The Streets Were Paved with Gold - Ken Auletta [75]
And, as I write this, Abe Beame is appearing on WNBC-TV as a well-paid urban affairs commentator and has become chairman of the federal Commission on Intergovernmental Relations. John Lindsay is plotting to run for the U.S. Senate in 1980. The banks have escaped—freed of their city notes, most of their city securities converted to more secure MAC bonds, and the statute of limitations for bondholder suits or federal fraud charges is quietly expiring. Harrison Goldin won reelection and is the frontrunner as the Democratic candidate for state comptroller in 1978. Robert Wagner is a venerated political name, an intimate of governors, the new U.S. ambassador to the Vatican. James Cavanagh is employed by a foundation, draws a $29,000 city pension and has been consulted by Mayor Koch. Nelson Rockefeller is writing art books and advising the Saudi Arabian government. William Simon has written a book blasting the city and is scheming to run for President in 1980. Edward Hamilton is California Governor Jerry Brown’s new budget guru and runs a lucrative consulting business.

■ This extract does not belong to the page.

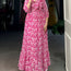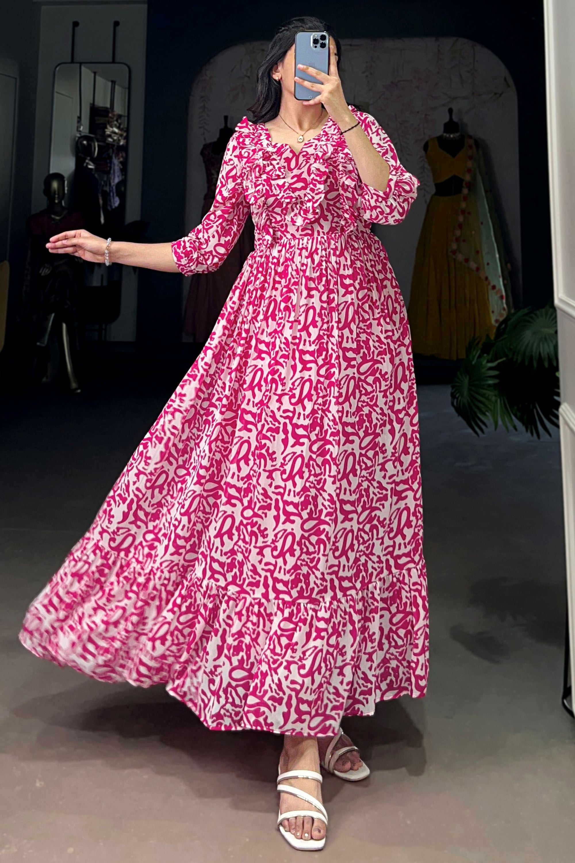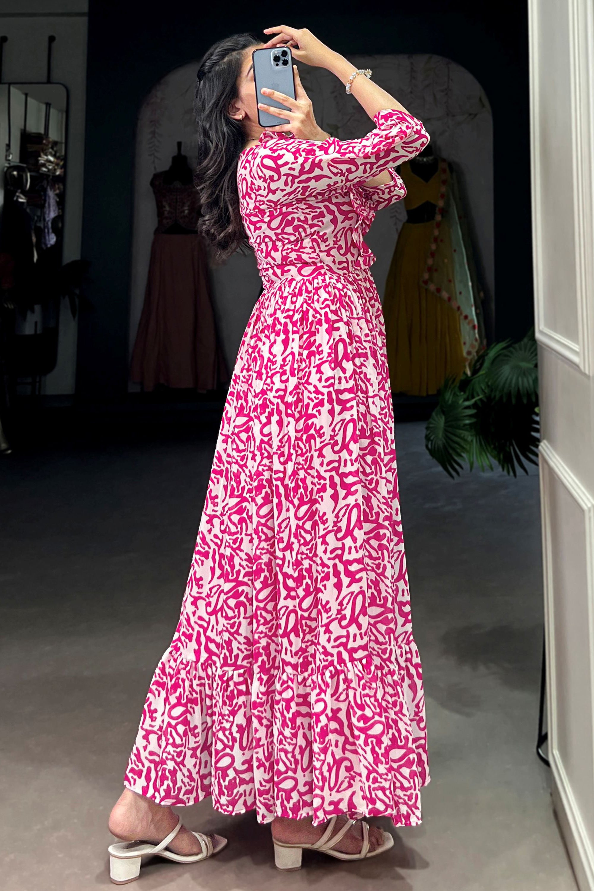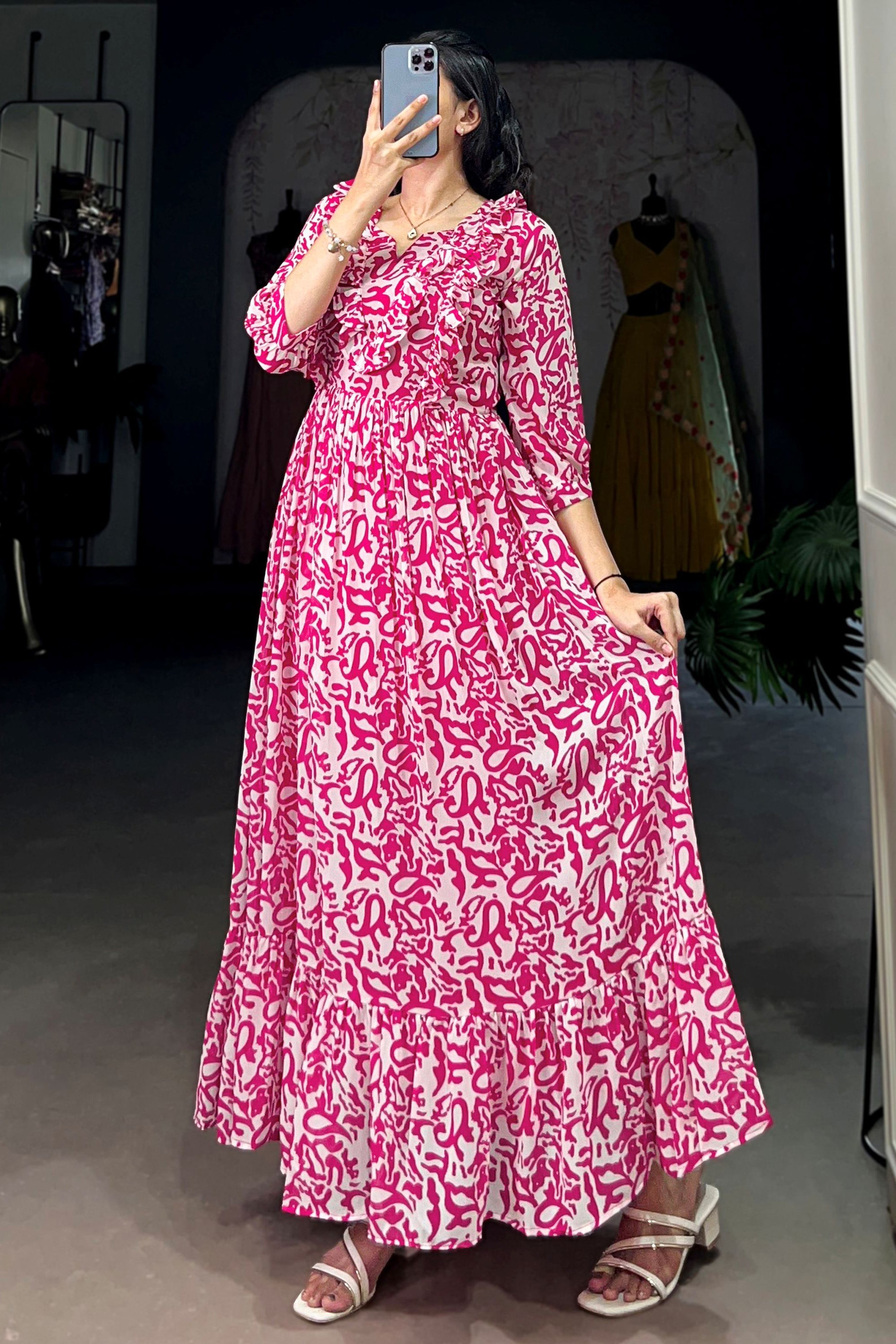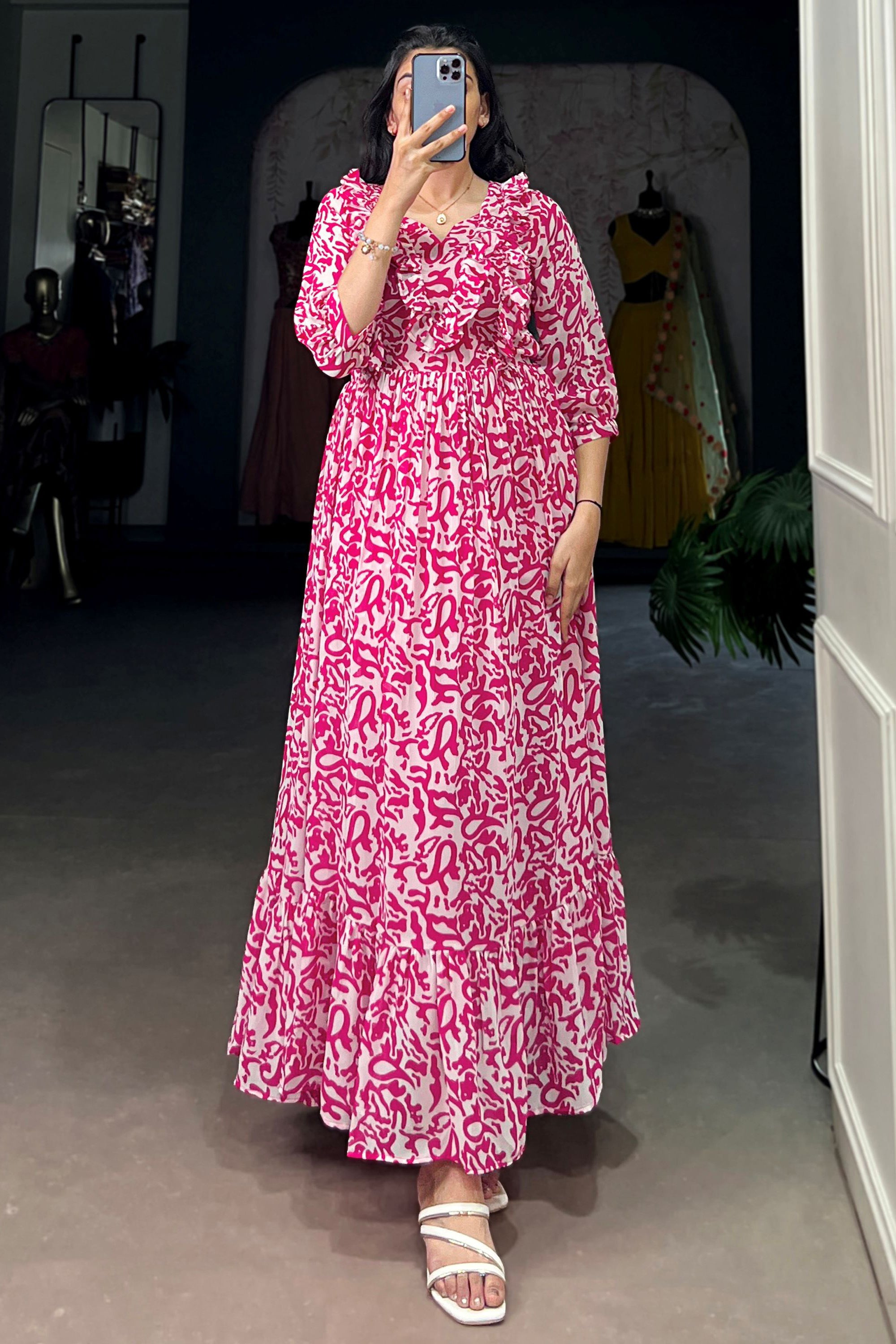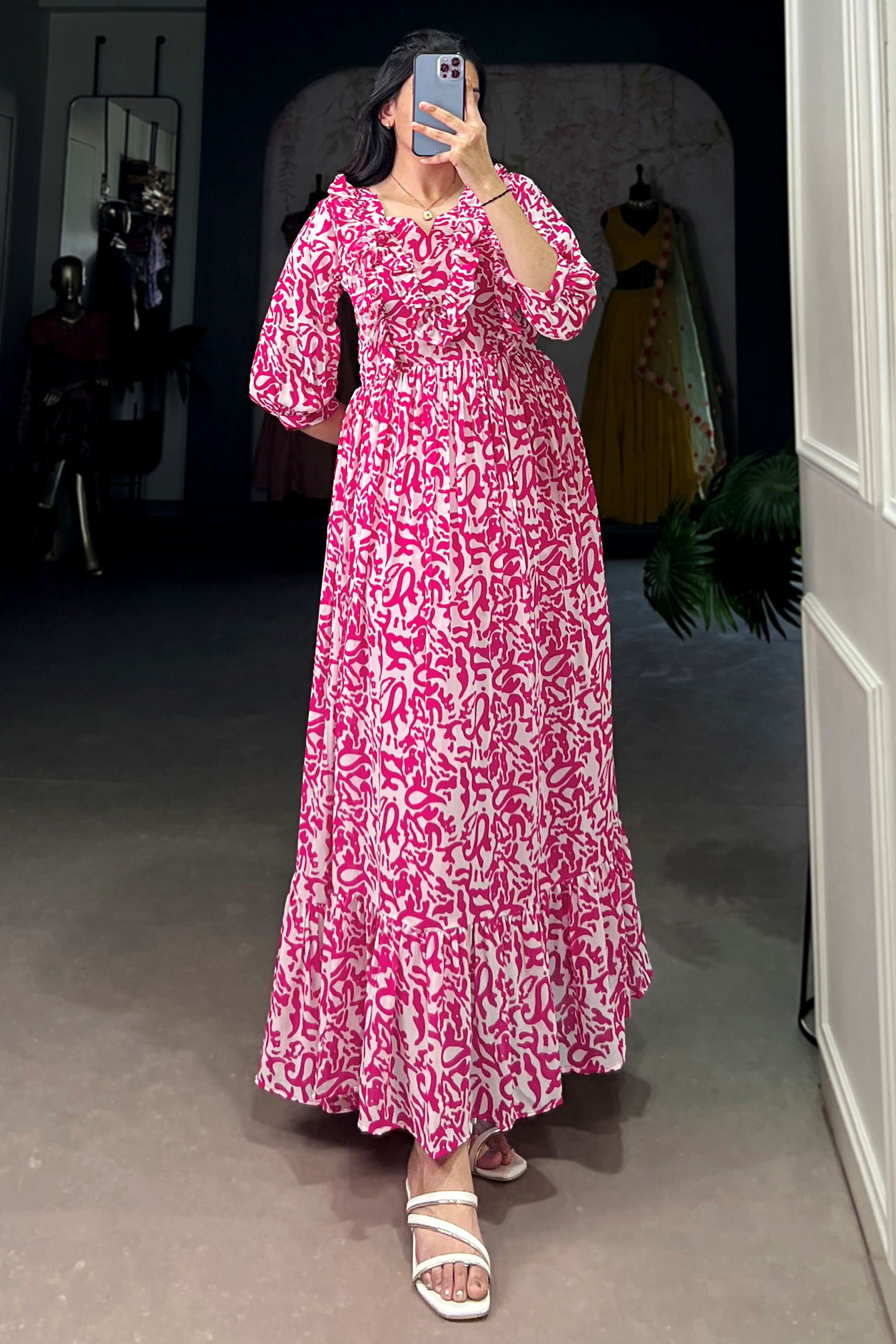 A flowy, ankle-length maxi dress featuring a vibrant pink abstract print on a soft white base, giving it a bold yet feminine look. The dress has a flattering gathered waistline that enhances the silhouette, along with delicate ruffle detailing around the neckline for added charm. Its three-quarter sleeves and tiered hem add movement and elegance, making it perfect for casual outings or brunch days.

Neither the SEC nor the U.S. Attorney for the Southern District has pushed the prosecution of former officials. Like the Times editorial, the SEC has focused on the future, quietly summoning all the officials named in their staff report to determine how they have improved their bookkeeping and disclosure techniques. Why had the SEC sought no indictments? According to Andrew Rothman, their Washington spokesman, “The Department of Justice and the U.S. Attorney have all the information. We referred everything to the appropriate federal agency.” There it has remained, buried. Why no indictments? A major SEC official thought a long time, began several sentences, then stopped. “We probably could have sought indictments,” he said finally. “Why were there no indictments? There is a thing called the scienter. It means that someone must do something viciously and willfully. Applying that test to Mayor Beame and Goldin and others, I think that in their heart and soul they really believed the city couldn’t collapse, even though the evidence was there. You don’t indict people for that.”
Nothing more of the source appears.